The line with "carNAVi builds GPS" marks the first line to copy, and the line with "New Ranch House constructed" marks the last. Transcribe that stretch of the data below exactly, without pictures.
BEGIN
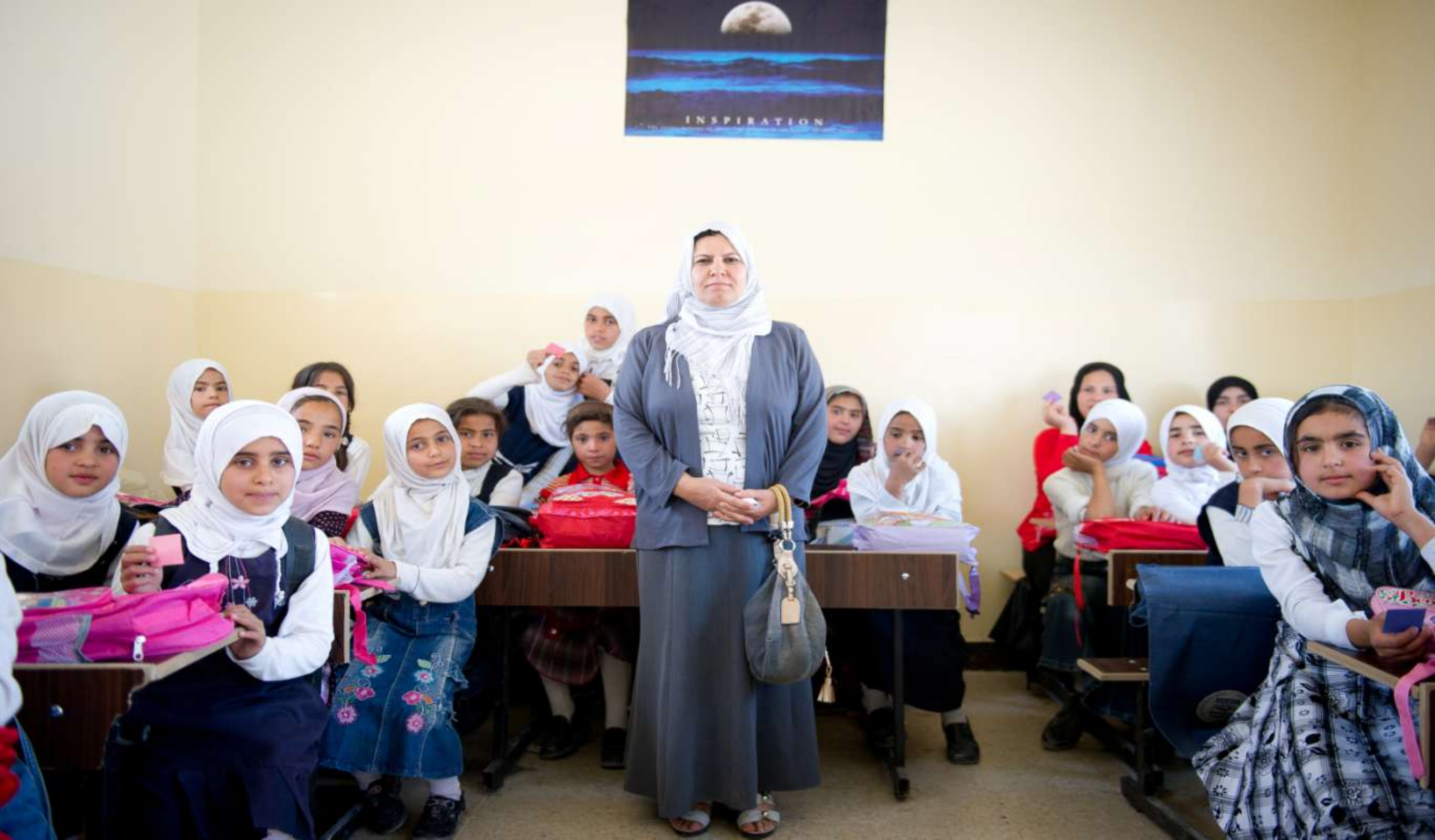
An Iraqi school teacher and her class poses for a photo on the day their new school is opened in Taji, Iraq, March 20, 2011. U.S. Soldiers assigned to 1st Platoon, Apocalypse Company, 1st Battalion, 18th Infantry Regiment, 2nd Advise and Assist Brigade, 1st Infantry Division, conducted security for a school opening.
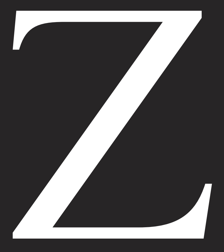
Zoning See: the City of Ottawa website, ottawa.ca; search 'Zoning'
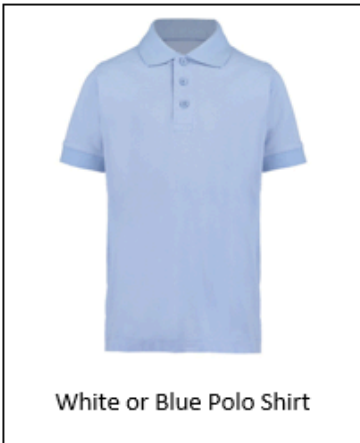
White or Blue Polo Shirt
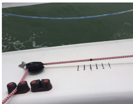
Jib sheet and deck reference marks help accurately repeat trim settings

Make reference marks on jib sheets for both the sheet tension and in-hauler tension. Having reference marks will make it much easier to duplicate your trim settings quickly. Jib sheet and deck reference marks help accurately repeat trim settings. It is a good idea to experiment with different settings for each control to get used to how each control affects the sail and how they interact with each other.
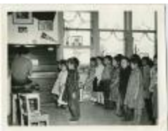
[Children performing a song with actions, Norway House Indian Residential School, Man.] (13d-c5712-d13)
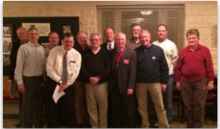
Council 16197 raised $670 in their first Tootsie Roll drive.
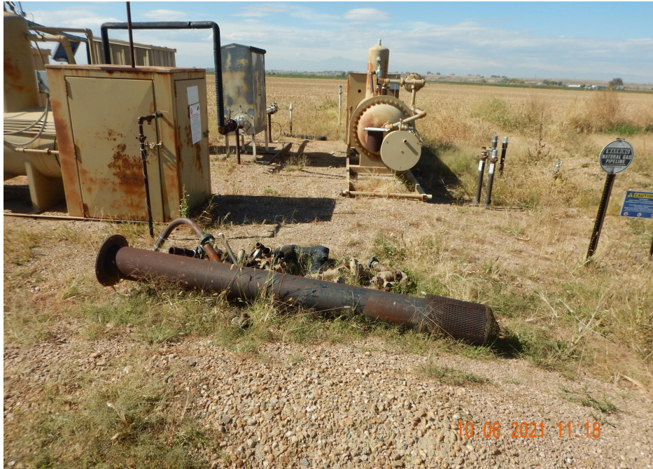
Photo 8. Photo taken from the tank battery, facing West. Photo illustrates unused equipment.
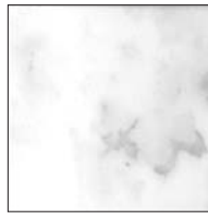
Marble texture Carrara white Aluminum 1.00 mm
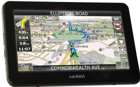
carNAVi S 510 retails for P8990

carNAVi builds GPS navigation solutions, that works straight out of the box. With the new S 510 carNAVi Corporation upgrades the ultimate S-series.
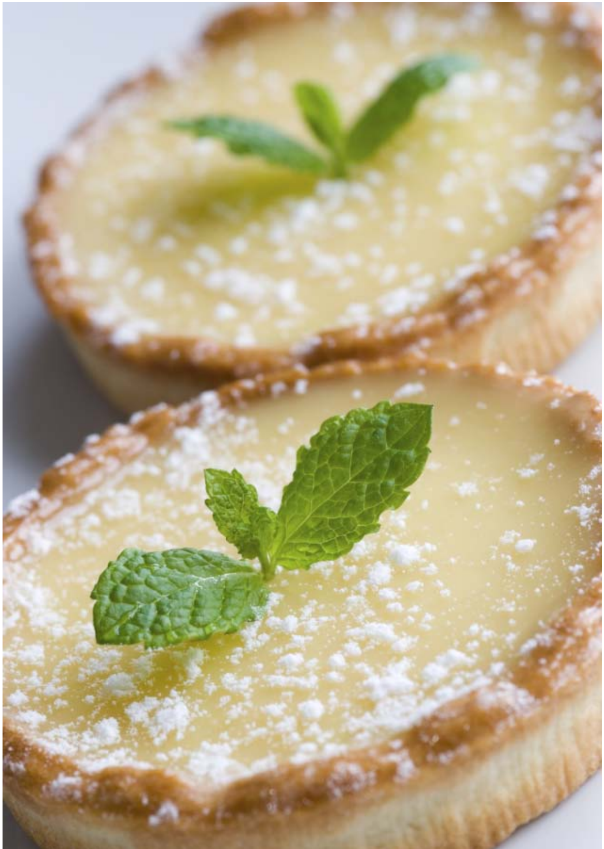
Lemon and Lime Tart
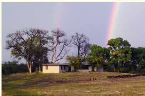
New Ranch House constructed on the Empire in 1950s

The New Ranch House is located in the shade of majestic cottonwoods, north of the Empire Ranch House, on a hill that overlooks the Empire Gulch. In December 2018 the Foundation sent a letter to the Bureau of Land Management indicating the Board's intent to work with BLM to rehabilitate the New Ranch House to make it to be safe and useable. The Foundation is committed to raising $350,000 for this project.
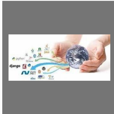
Software Development Services
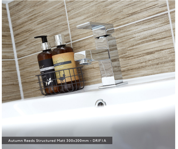
Autumn Reeds Structured Matt 300x200mm - DRIF1A
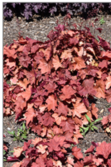
Carnival Cinnamon Stick Coral Bells
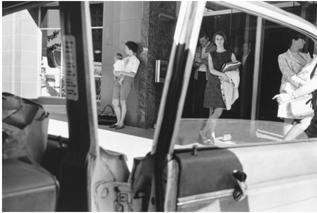
Lee Friedlander, Seattle (1967).

Exhibition: “Candida Höfer Observations” & “Lee Friedlander Street – The Human Clay”
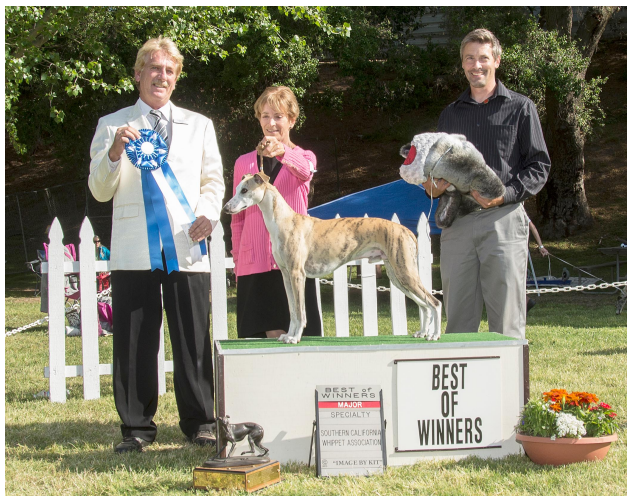
In the future, I may need to bring a step stool...
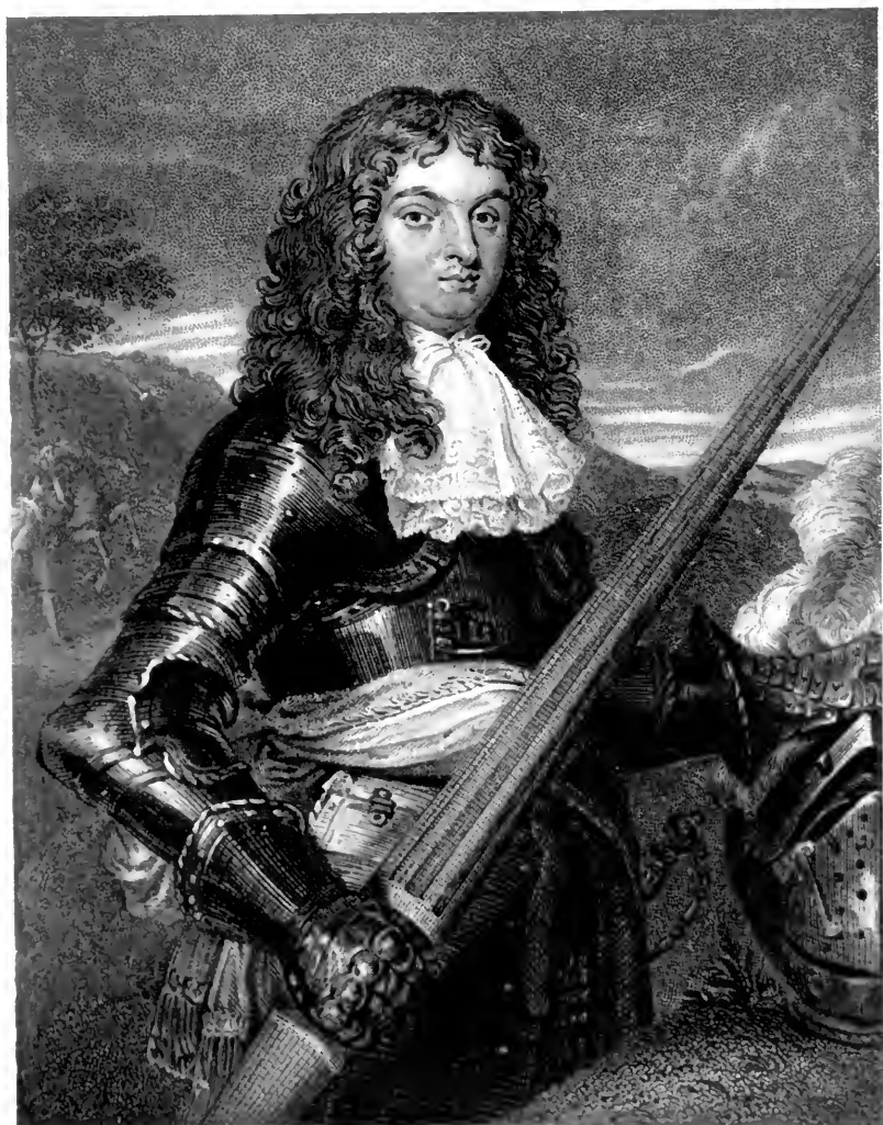
JOHN LESLIE Seventh Earl and First Duke of Rothes
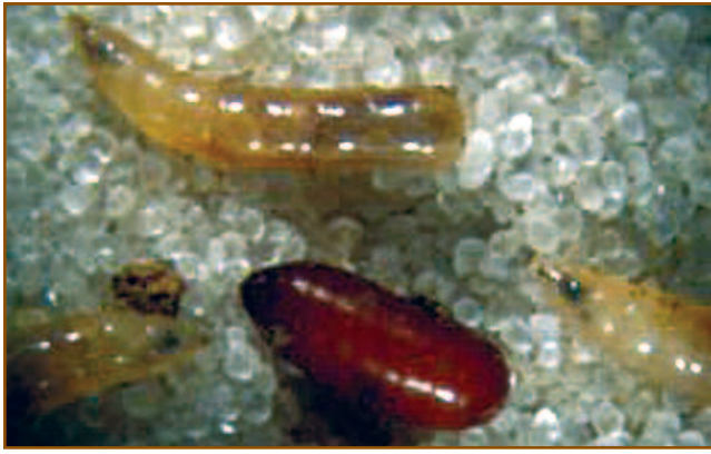
Figure 3. Stable fly maggots and pupa.

The eggs are typically laid in wet straw, wet hay bales (Fig. 4), or other decomposing vegetation mixed with the urine and feces that the animals produce.
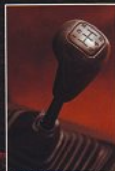
Five-speed shift, standard on DL.
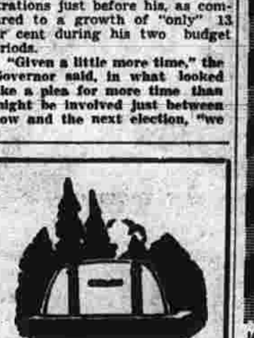
JAMES E. PEPPER... This whisky makes your party a success!

This business of compounding prescriptions is a child's play. It requires knowledge, skill, and a high degree of accuracy.
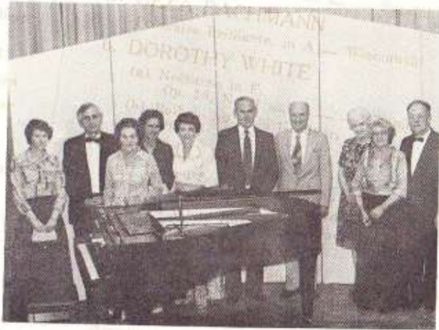
Committee members with the new Grand Piano 17.3.78.
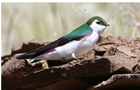
Violet-green Swallow
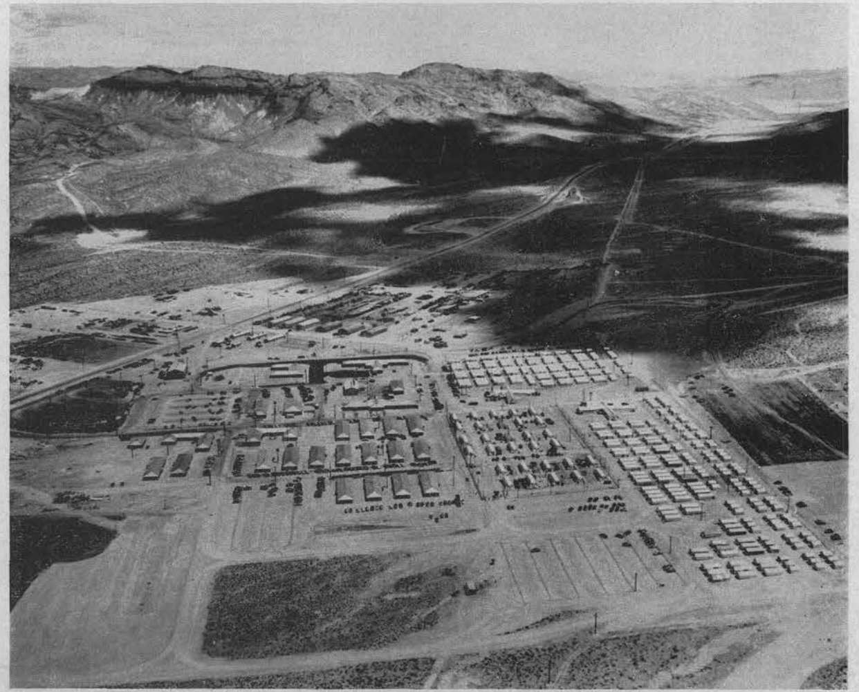
THIS AERIAL VIEW of Camp Mercury at the AEC's Nevada Test Site looks northward toward Yucca Pass

Decals will be sold at cost price of 25 cents.
END
» Your solution:
carNAVi builds GPS navigation solutions, that works straight out of the box. With the new S 510 carNAVi Corporation upgrades the ultimate S-series.
Lemon and Lime Tart
New Ranch House constructed on the Empire in 1950s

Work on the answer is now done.